EU Climate Chief Says Talks on Airline Emissions Will Test Obama

European Union Climate Commissioner Connie Hedegaard said an early test of President Barack Obama’s commitment to combating climate change is how he negotiates an international agreement on aviation emissions.

“I really believe that when it’s about finding a global way forward for aviation now, we -- the U.S. and the European Union -- should be on the same side, working for the obvious, namely that if I take a long-haul plane, be it from Washington to Europe or from Europe to Beijing, it is only common sense that I pay for my pollution,” Hedegaard told reporters today at a briefing in Washington.

Obama’s pledges to fight climate change in his second inaugural address and the State of the Union speech were “sweet music to a European’s ears,” the Danish politician said.
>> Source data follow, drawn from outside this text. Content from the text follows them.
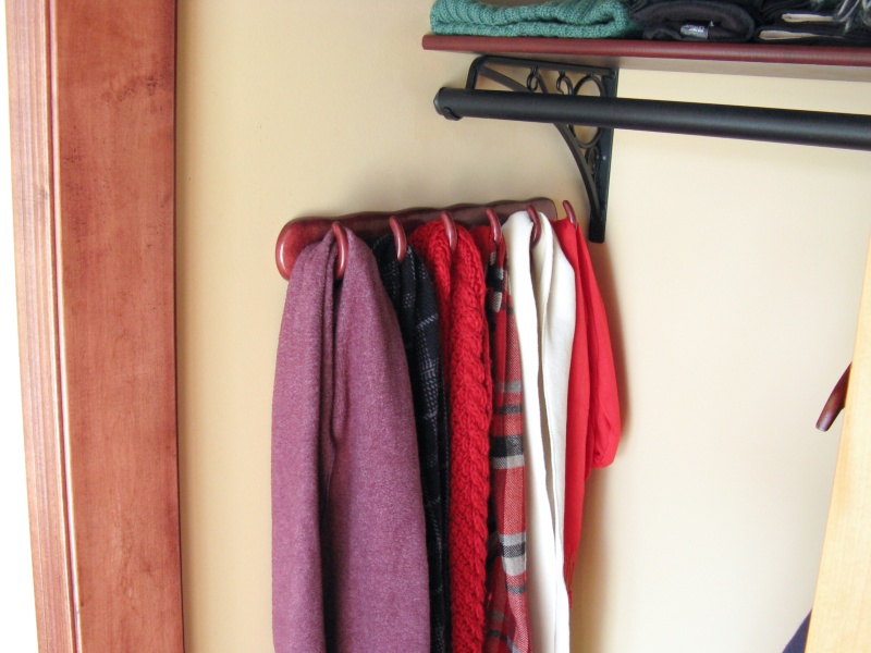We seem to have accumulated a number of scarves over the years, and in-season these are located in the front closet, some on hangers and some stuffed up on the shelf mostly out of reach. I made this rack to contain a few of them in a more-accessible location on the side of the closet. It has a half-dozen hooks of fairly generous size and doesn't take up much more closet space than another jacket would.
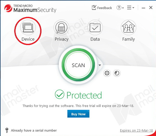 จะมีหน้าต่างขึ้นมาของโปรแกรม Protected by Trend Micro Maximum Security จากนั้นไปกดที่ Device
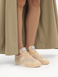Inspired by the ballet and boxing worlds, these Chloe Kick sneakers are crafted from recycled mesh and smooth suede calfskin. Lightweight and comfortable, they combine a slim silhouette with a recycled sole and an inner wedge for added height and support. A boxing-style Chloe label lends a signature finish. PRODUCT DETAILS Sneaker heel height: 0.8" (2 cm) Heel-to-toe drop: 0.2" (0.5 cm) Upper 1: calfskin Upper 2: cowhide Upper 3: suede cowhide Upper 4: polyester Upper 5: nylon Inner sole: polyester Main lining: polyester Sole: 50% ethylene vinyl acetate, 50% rubber Fit true to size, European sizing - Lace-up Chloe Kick sneakers come in a dedicated dustbag and box evoking the ballet and boxing worlds. To make this product, Chloe worked with Leather Working Group (LWG) certified leather manufacturers. LWG certifies tanneries based on their water and energy usage, management of chemicals, solid waste, and wastewater. Color: Peachy Pink Item code: CHC25S07IPL6J6
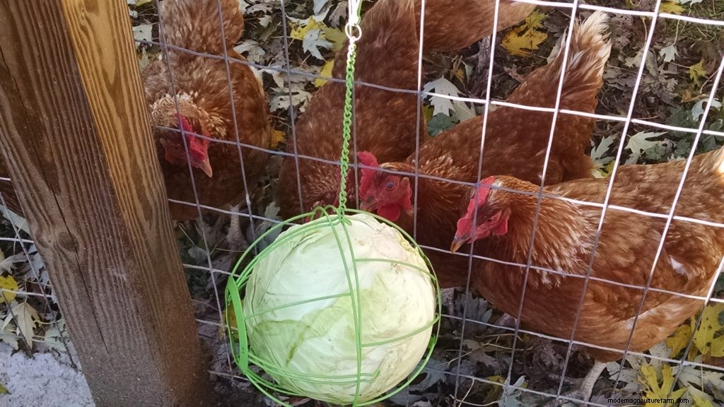 A hanging cabbage serves two purposes. It gives the chickens some healthy greens, and also keeps them busy as they peck at the swinging treat.

Now the EU wants the administration to say specifically how it would seek to reduce carbon-dioxide emissions from airplanes and other sources, she said.

She said an administration rejection of the proposed Keystone XL pipeline from Alberta’s oil sands to refineries along the U.S. Gulf Coast would send a “strong signal to the world” about how serious the administration is in addressing climate risks. Environmental groups oppose the pipeline because they say it would encourage development of the tar sands, the mining of which releases more greenhouse gases than most conventional drilling.

Hedegaard is in Washington for meetings with Obama administration officials.